WORK REQUIRED:
Return, word for word, only the lines of the data below that lie between the line with "Growing up so" and the line with "- Línea de vida", those two lines included.

DATASET ENTRIES:
________
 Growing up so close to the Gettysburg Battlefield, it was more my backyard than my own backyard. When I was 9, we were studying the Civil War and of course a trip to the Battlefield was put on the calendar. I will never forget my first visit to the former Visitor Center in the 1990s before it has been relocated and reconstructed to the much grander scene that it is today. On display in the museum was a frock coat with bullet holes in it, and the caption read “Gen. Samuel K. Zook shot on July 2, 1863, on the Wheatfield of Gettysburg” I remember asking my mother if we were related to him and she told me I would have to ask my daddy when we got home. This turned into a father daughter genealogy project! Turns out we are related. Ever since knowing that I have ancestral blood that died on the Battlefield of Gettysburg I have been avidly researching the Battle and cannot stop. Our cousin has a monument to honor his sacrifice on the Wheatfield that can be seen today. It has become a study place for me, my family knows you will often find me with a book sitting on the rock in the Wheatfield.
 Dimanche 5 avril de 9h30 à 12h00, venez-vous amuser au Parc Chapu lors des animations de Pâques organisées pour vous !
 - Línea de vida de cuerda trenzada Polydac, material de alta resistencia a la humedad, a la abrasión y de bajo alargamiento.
________
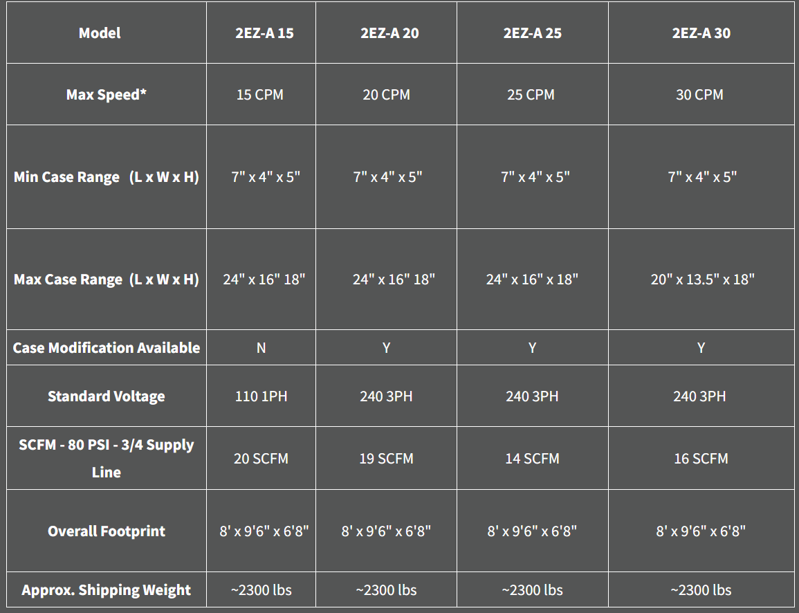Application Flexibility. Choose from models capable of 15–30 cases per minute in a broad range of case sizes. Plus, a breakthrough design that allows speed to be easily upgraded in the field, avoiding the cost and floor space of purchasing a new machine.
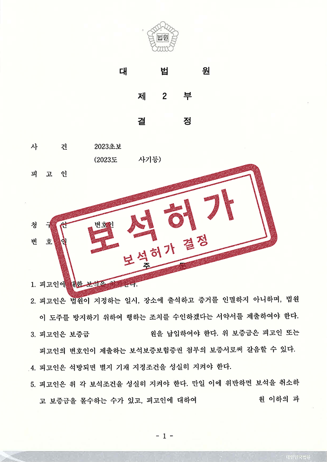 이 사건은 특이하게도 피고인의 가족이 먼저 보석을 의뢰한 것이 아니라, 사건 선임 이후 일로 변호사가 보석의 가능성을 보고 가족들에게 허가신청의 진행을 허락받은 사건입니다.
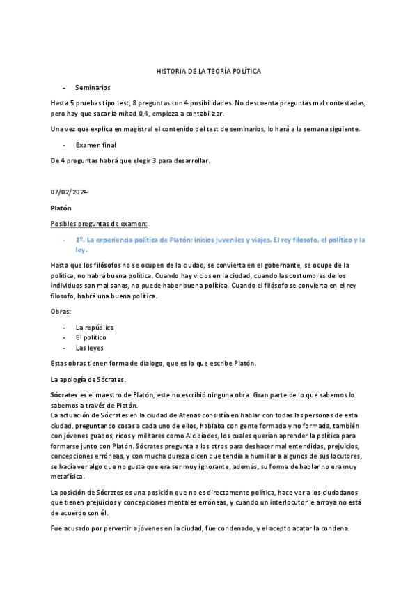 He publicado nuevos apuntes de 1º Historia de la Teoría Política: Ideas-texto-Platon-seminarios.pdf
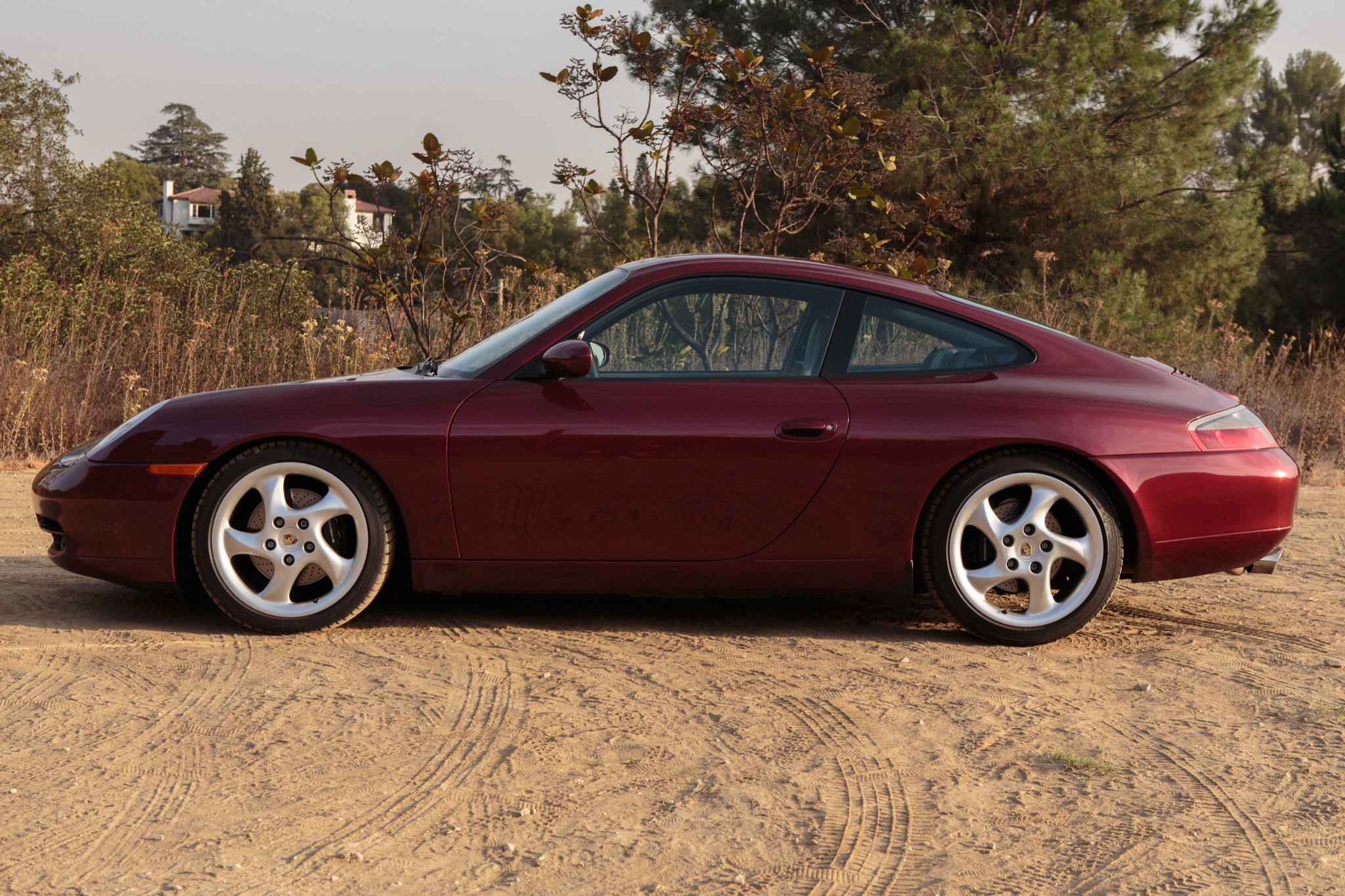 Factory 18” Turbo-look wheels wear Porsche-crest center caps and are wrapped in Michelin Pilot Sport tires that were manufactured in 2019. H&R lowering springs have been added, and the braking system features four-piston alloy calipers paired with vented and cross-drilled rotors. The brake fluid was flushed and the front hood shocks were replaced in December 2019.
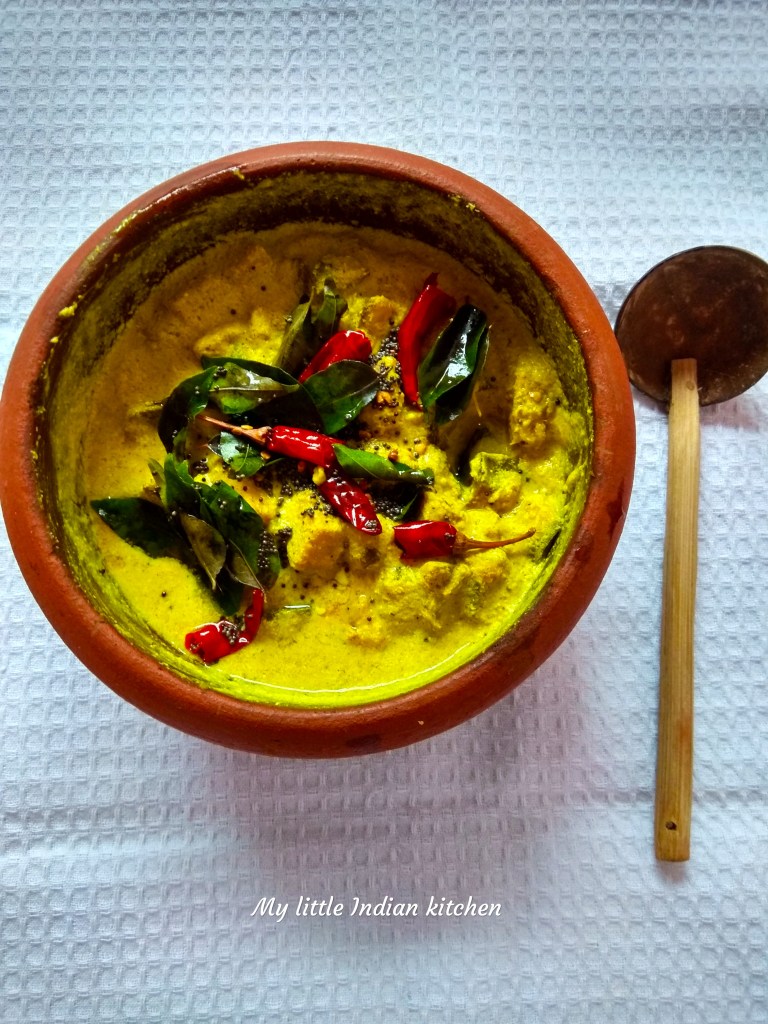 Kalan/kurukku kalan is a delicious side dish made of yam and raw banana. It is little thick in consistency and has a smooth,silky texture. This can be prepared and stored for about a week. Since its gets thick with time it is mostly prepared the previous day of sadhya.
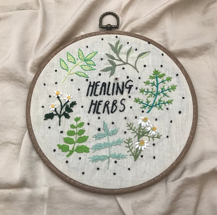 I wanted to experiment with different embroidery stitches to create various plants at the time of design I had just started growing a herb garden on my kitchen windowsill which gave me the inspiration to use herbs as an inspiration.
________
OUTPUT OF THE EXERCISE:
 Growing up so close to the Gettysburg Battlefield, it was more my backyard than my own backyard. When I was 9, we were studying the Civil War and of course a trip to the Battlefield was put on the calendar. I will never forget my first visit to the former Visitor Center in the 1990s before it has been relocated and reconstructed to the much grander scene that it is today. On display in the museum was a frock coat with bullet holes in it, and the caption read “Gen. Samuel K. Zook shot on July 2, 1863, on the Wheatfield of Gettysburg” I remember asking my mother if we were related to him and she told me I would have to ask my daddy when we got home. This turned into a father daughter genealogy project! Turns out we are related. Ever since knowing that I have ancestral blood that died on the Battlefield of Gettysburg I have been avidly researching the Battle and cannot stop. Our cousin has a monument to honor his sacrifice on the Wheatfield that can be seen today. It has become a study place for me, my family knows you will often find me with a book sitting on the rock in the Wheatfield.
 Dimanche 5 avril de 9h30 à 12h00, venez-vous amuser au Parc Chapu lors des animations de Pâques organisées pour vous !
 - Línea de vida de cuerda trenzada Polydac, material de alta resistencia a la humedad, a la abrasión y de bajo alargamiento.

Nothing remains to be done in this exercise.